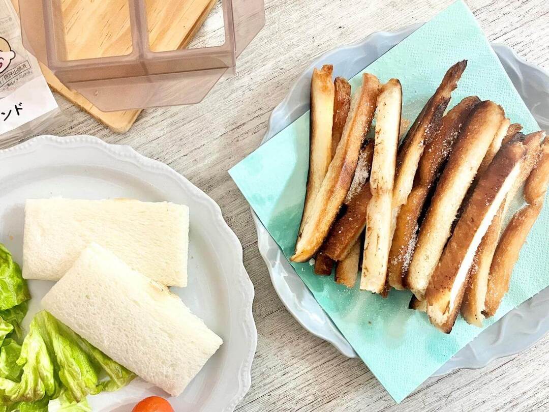 ミニパックサンドを作ったあとは、どうしても食パンの耳が余ってしまいますよね。そこで、パンの耳を油で揚げておやつも作ってみました!子どもも大喜びしてくれたので、ぜひパンの耳まで残さず食べてくださいね。
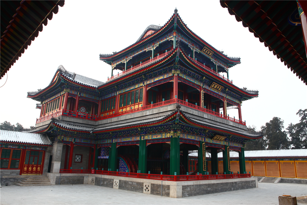 矗立在昆明湖畔的德和园大戏楼是清代三大戏楼之一。团队研究发现,该建筑群观演部分(戏楼、看戏殿、看戏廊)最初的设计方案竟是圆明园中最大的戏园——同乐园的“翻版”。当时的设计者把同乐园观演部分整体“搬”到了颐和园,却因地形合不上,将庭院、看戏廊、看戏楼等进行等比放大,而大戏楼因结构复杂则“照搬”。圆明园同乐园戏楼已经荡然无存,而德和园大戏楼如今依然气势恢弘。
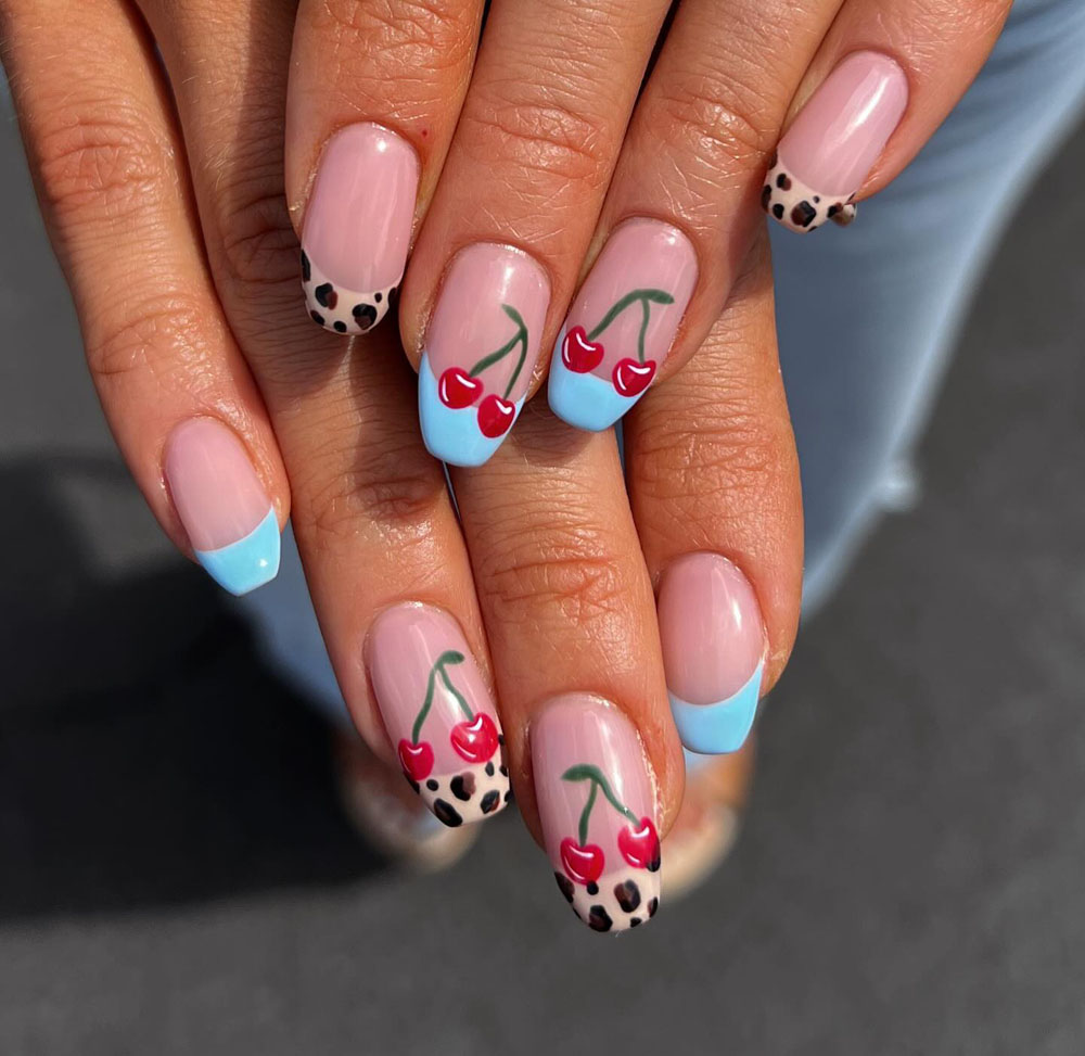 Okay, this one is bringing that trendy edge! Bright blue French tips, cherry accents, and leopard print details? I’m obsessed with how bold this combo is. It’s like Y2K, summer fruit, and fashion week all had a baby—and she’s iconic.
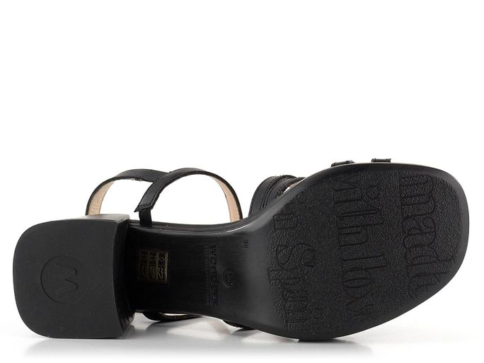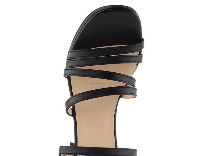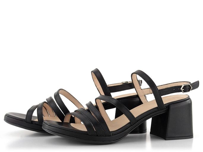 Dámské celokožené sandály s tenkými pásky v černé barvě a na pohodlném podpatku.
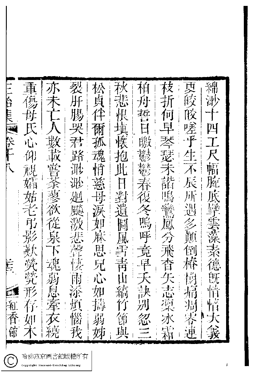 | (PRINT FRIENDLY VERSION) 國朝閨秀正始集﹕二十卷﹐附錄﹕一卷﹐補遺﹕一卷﹐又附題詞﹕一卷(清惲珠輯)。清道光十一年(1831)紅香館刻本。 ![]() Page : 18.23b | click for larger image | 國朝閨秀正始集﹕二十卷﹐附錄﹕一卷﹐補遺﹕一卷﹐又附題詞﹕一卷(清惲珠輯)。清道光十一年(1831)紅香館刻本。![]() Page : 18.23a | click for larger image | 國朝閨秀正始集﹕二十卷﹐附錄﹕一卷﹐補遺﹕一卷﹐又附題詞﹕一卷(清惲珠輯)。清道光十一年(1831)紅香館刻本。![]() Page : 18.22b | click for larger image | Back |
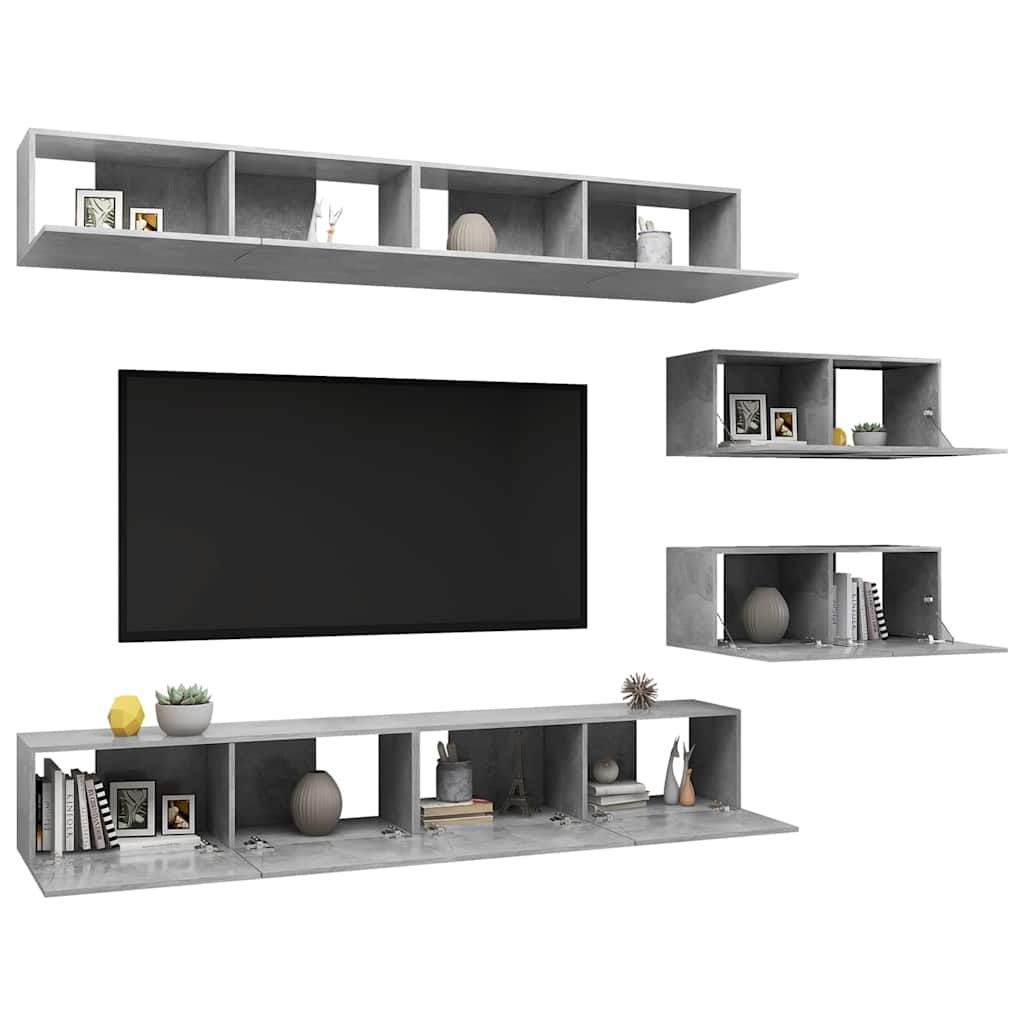 6-tlg. TV-Schrank-Set Betongrau Holzwerkstoff

────────────────────

Please transcribe, word for word, every line from the one containing "Okay, this one" through the last line of the records, both included, and leave the pictures out.

 Okay, this one is bringing that trendy edge! Bright blue French tips, cherry accents, and leopard print details? I’m obsessed with how bold this combo is. It’s like Y2K, summer fruit, and fashion week all had a baby—and she’s iconic.
 Dámské celokožené sandály s tenkými pásky v černé barvě a na pohodlném podpatku.
 | (PRINT FRIENDLY VERSION) 國朝閨秀正始集﹕二十卷﹐附錄﹕一卷﹐補遺﹕一卷﹐又附題詞﹕一卷(清惲珠輯)。清道光十一年(1831)紅香館刻本。 ![]() Page : 18.23b | click for larger image | 國朝閨秀正始集﹕二十卷﹐附錄﹕一卷﹐補遺﹕一卷﹐又附題詞﹕一卷(清惲珠輯)。清道光十一年(1831)紅香館刻本。![]() Page : 18.23a | click for larger image | 國朝閨秀正始集﹕二十卷﹐附錄﹕一卷﹐補遺﹕一卷﹐又附題詞﹕一卷(清惲珠輯)。清道光十一年(1831)紅香館刻本。![]() Page : 18.22b | click for larger image | Back |
 6-tlg. TV-Schrank-Set Betongrau Holzwerkstoff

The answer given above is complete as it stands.